The model is tested over a long time separation, and the results are summarized in Table 11. Only the identification accuracies have their equivalent state-of-the-art comparison, but individual and scope verification results are documented for future research comparison.

The model performance drops significantly when the time separation between the enrollment and classification increases. However, the model is still able to achieve more than 69% for TPR when FPR is at 1%, and less than 11% EER for individual verification. For scope verification, the model obtains more than 49% TPR at 10% FPR, and less than 28% EER. The model identifies at more than 64% accuracy. We provide the ROC curves for these verification tests in Appendix A to support the results in Table 11, and they also provide all TPR against FPR for future research comparison.

6.3. All Time Separation Test

The model performance for all time separation tests is presented as a metric against the time separation graph in Appendix A. This research is the first in the literature to present results in this format, and it could be used for future research comparison. It is important to evaluate a model against all the time separations instead of choosing the best-performing time separation only. Generally, the model’s performance decreases as the time separation increases.

6.4. Performance Comparison with Other Methods

In this section, the model performance in this research is compared with the state-of-the-art methods. The results are grouped by test databases for more meaningful comparisons instead of aggregating results from multiple databases as in [21,23].

6.4.1. Individual Verification over Short Time Separation

Table 12 shows the performance of individual verification over short time separation performed using various methods.

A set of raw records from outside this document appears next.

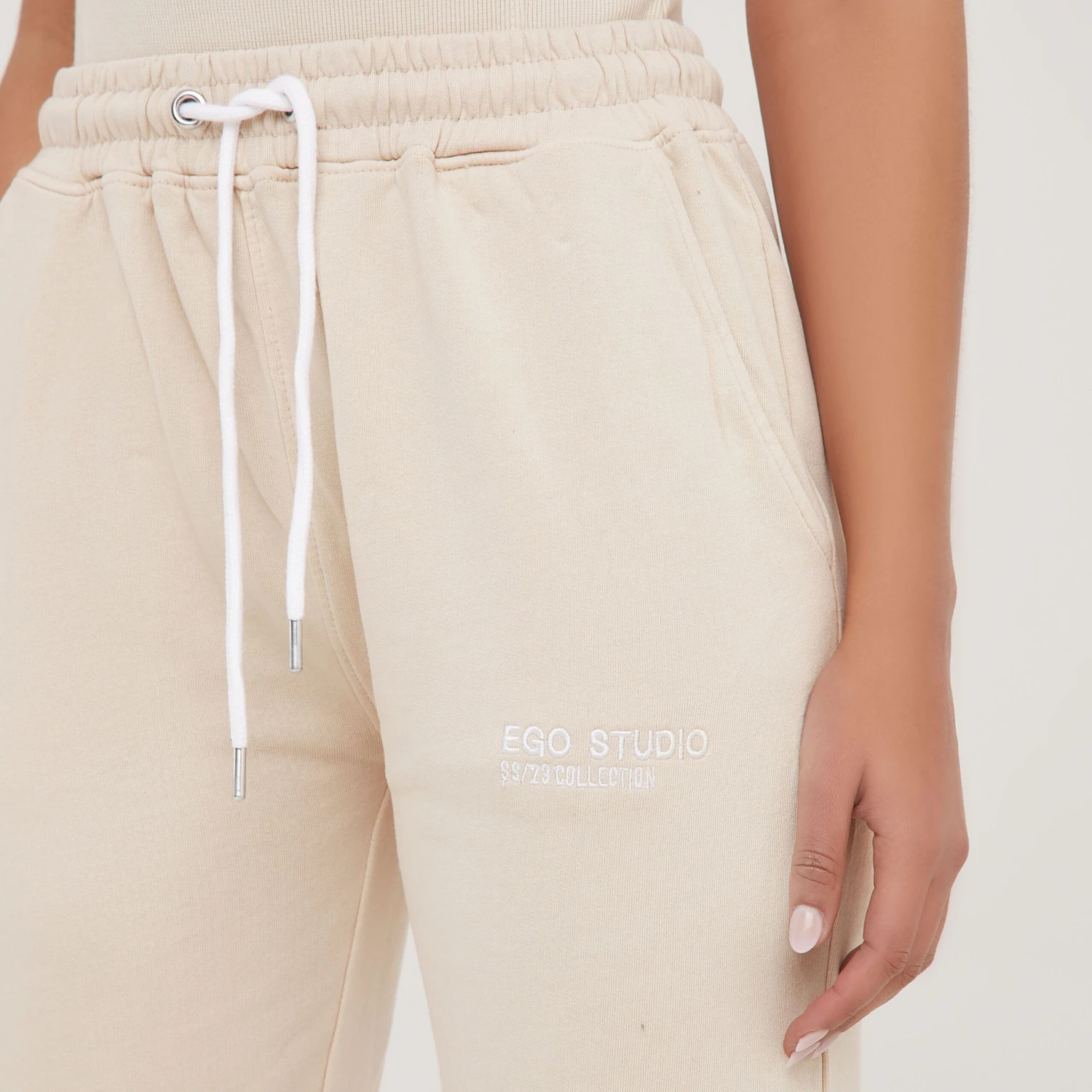 Be the first to review “Tie Waist ‘Ego Studio’ Oversized Cuffed Hem Joggers In Cream” Cancel reply
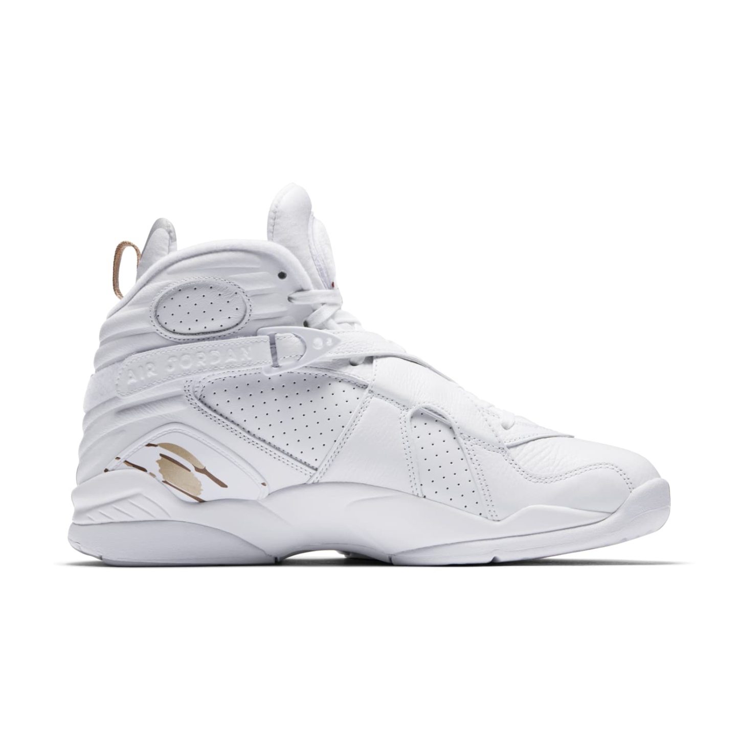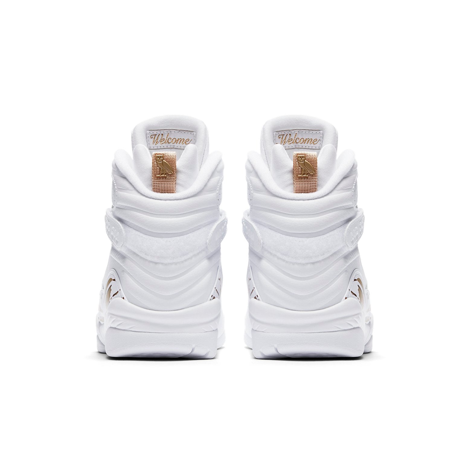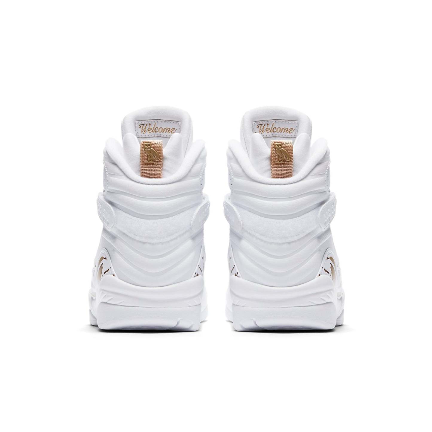 The Jordan Brand and world-renowned hip-hop artist Drake have teamed up to create a one-of-a-kind shoe in honor of the NBA All-Star weekend. The OVO x Air Jordan 8 Retro 'White' is a work of art, featuring black suede and tumbled leather upper with red accents on the Jumpman logo at the tongue, metallic gold accents on the toe box, heel pull tabs, and on a paintbrush-stroke pattern at the midfoot. The high top also boasts a strap across the ankle, a black rubber midsole, and OVO branding and owls throughout. This shoe is perfect for Drake fans and Air Jordan enthusiasts alike.
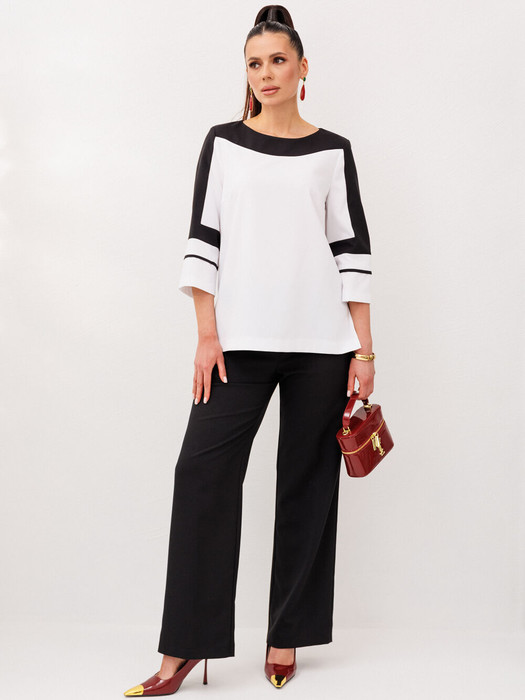 Костюм костюм женский блуза и брюки прямого силуэта, выполнено из текстильного полотна плательной группы с использованием двух цветов ткани.
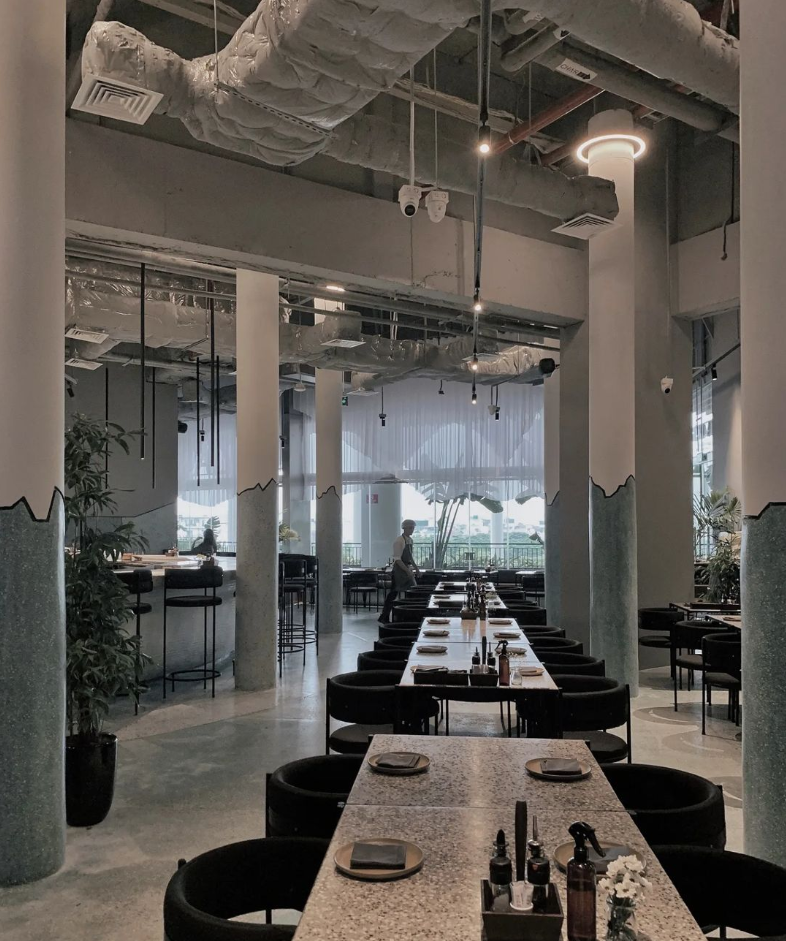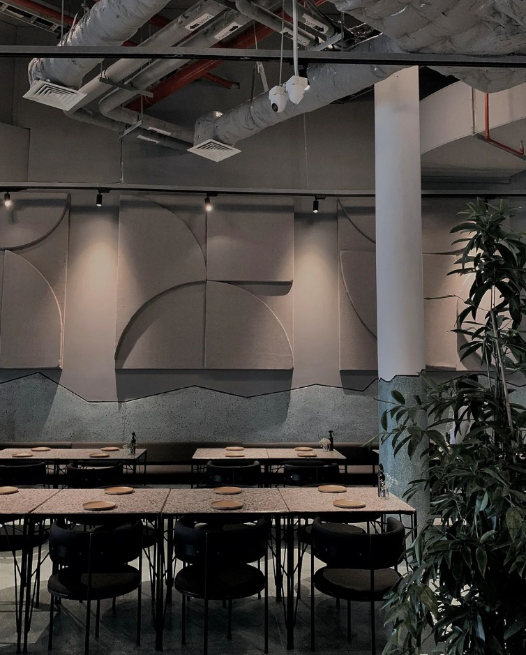 Throughout the space, the materiality evokes the rugged elegance of ancient stones, with hues ranging from soft limestone to the deep, earthy tones of slate. From the floor beneath their feet to the banquettes against the walls, every surface exudes a sense of timelessness and sophistication.
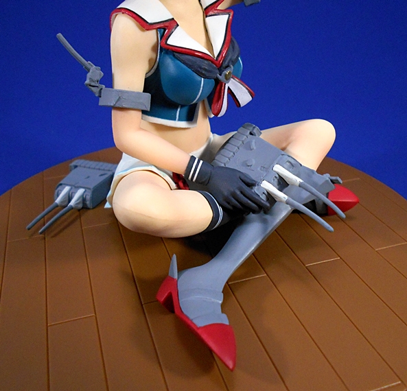 Of course, this “Moon Viewing” version is the equivalent of Taito’s “Day Off” figures, so Akizuki is not wearing her armaments. She does, however still have her arming mount belt around her waist where her weapons would attach if she were out on a mission. On the other hand, she does still have her rudder boots. While her sisters boots were all red, Akizuki’s are mostly gray with red platforms and rudders.
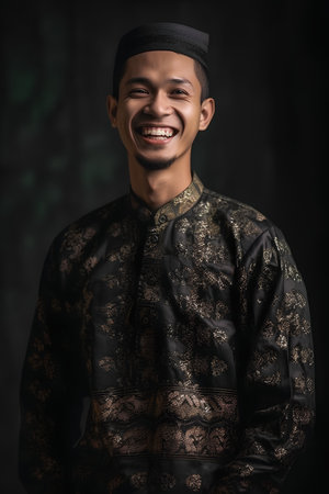 Portrait of a happy young muslim man smiling on dark background
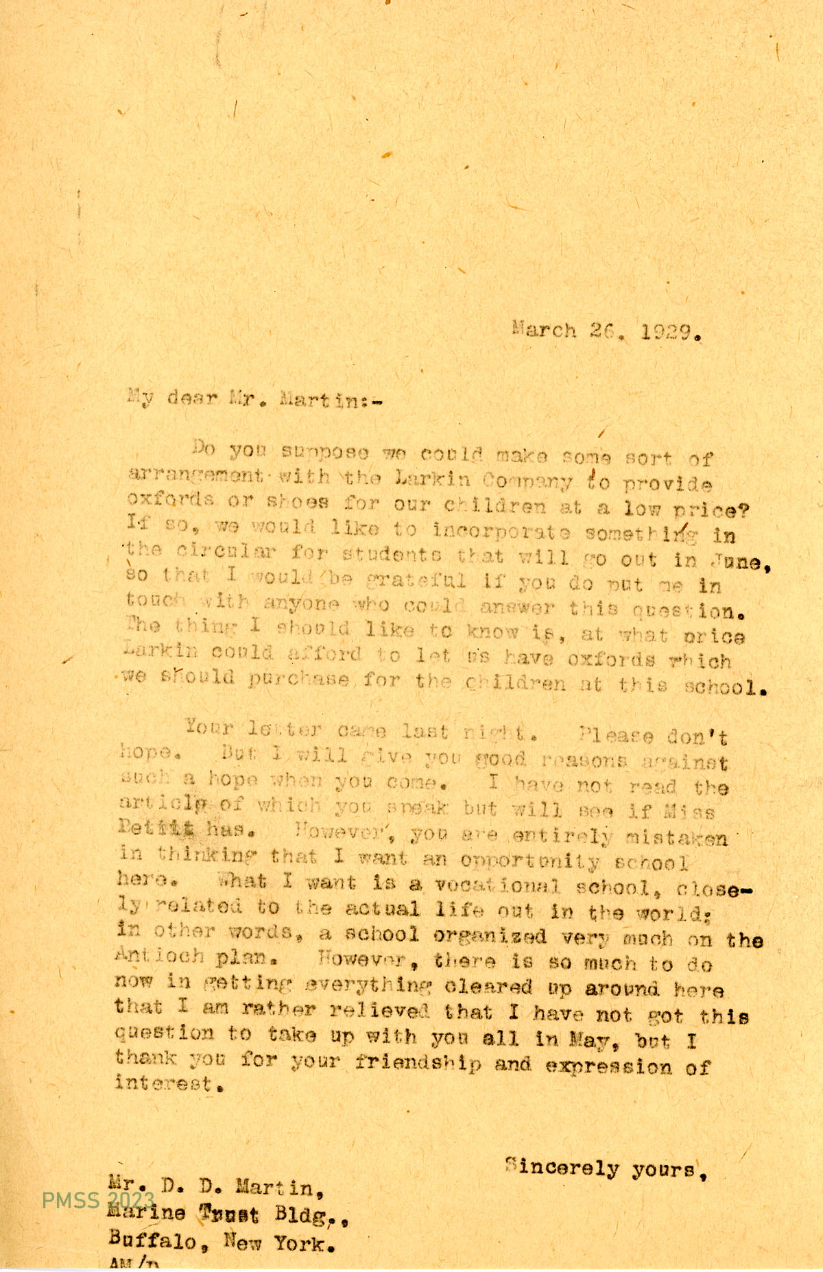 015 March 26, 1929. To Martin from AM [Melville], asking if he can arrange with Larkin Company to send “shoes for our children at a low price.” She reacts to an article Martin sent her, writing “….[H]owever, you are entirely mistaken in thinking that I want an opportunity school here. What I want is a vocational school, closely related to the actual life out in the world; in other words, a school organized very much on the Antioch plan.”
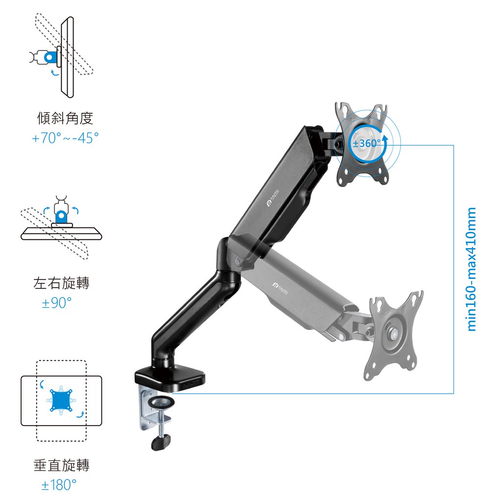 Raymii瑞米 LS10 氣壓式 螢幕支架 螢幕架 螢幕伸縮懸掛支架/原價屋
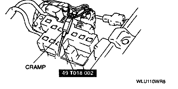 5. Connect the SST (timing light) to the ignition timing inspecting harness with the arrow on its cramp facing the connector.
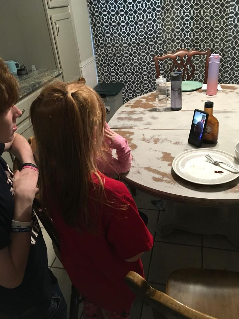 We tend to do the dinner call since that’s when the kids are all around the table. It’s the only time they are in one spot. We pass the phone around and ask each of them about their days. We tell them how much we love them and reinforce timelines for coming home (two more sleeps)!
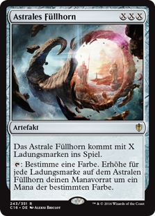 | Rules | Astral Cornucopia enters the battlefield with X charge counters on it. : Choose a color. Add one mana of that color for each charge counter on Astral Cornucopia. |
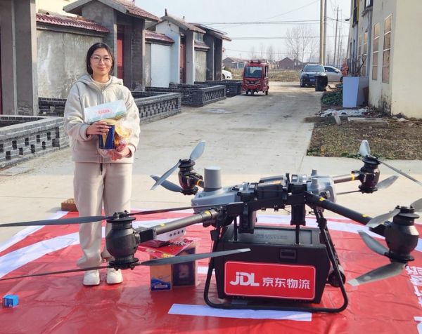 1月29日,一架京东物流无人机在光明村完成首单配送,将一份内含“福”字与春联的特别“年货礼盒”精准送达。
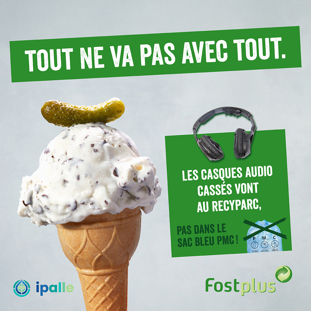 La campagne « Tout ne va pas avec tout » repose sur un concept simple mais on interpellant : certaines combinaisons ne vont pas ensemble, et ça vaut aussi pour les déchets et leur destination.
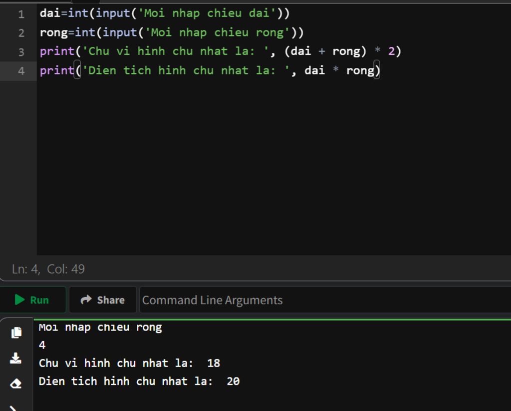 print(f"{a:.2f}, {b:.2f}, {c:.2f} khong la 3 canh tam giac")
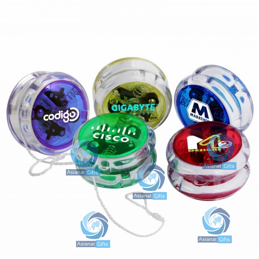 Light up colorful plastic yo-yo with a clutch and bearing so you can do all of your favorite tricks. The blinking red lights are activated and glow when the yo-yo is spinning. We do not recommend black imprints. 2 1/4" Diameter

Our design underperforms specialized designs of Ingale et al. at CEBSDB, ECGIDDB, and PTBDB. Since Ingale et al. test different combinations of segmentation, filter, and feature extraction, we choose the best results for comparison. The best combination for CEBSDB is fixed-width segmentation, IIR filter, and fiducial features; for ECGIDDB, there is fixed-width segmentation, IIR filter, and DTW features; for PTBDB, there is R-R segmentation, Kalman filter, and fiducial features. It is also worth noting that, for PTBDB, we use different ECG recordings for enrollment and classification, but Ingale et al. use the same recording sessions for both.

Our design underperforms the RNN design of Salloum et al. [22] at ECGIDDB in terms of EER. However, to achieve 0% EER, they use up to 80% of the 89 subjects in the database for training, leaving 20% for testing. Our design outperforms the PCA design of A. Pal and Y. N. Singh at PTBDB.

6.4.2. Closed Identification over Short Time Separation

Table 13 shows the performance comparison of closed identification over short time separation using various methods.

Our design outperforms HeartID of Zhang et al. and cascaded CNN of Li et al. at AFDB, CEBSDB, NSRDB, and STDB. HeartID is a specialized design, i.e., one model is trained for one database. However, the cascaded CNN is a generalized design in that the testing databases are completely separated from the training databases, which is closer to our design.

The random forest design of Tan et al. [5] performs the best at NSRDB and ECGIDDB. However, they randomly select 67% of the extracted heartbeats for enrollment. This means that some of the enrollment lengths could span a long period of time. For instance, some of the recordings in ECGIDDB are 6 months apart, which means that randomly selected heartbeats from these recordings may spread over 6 months.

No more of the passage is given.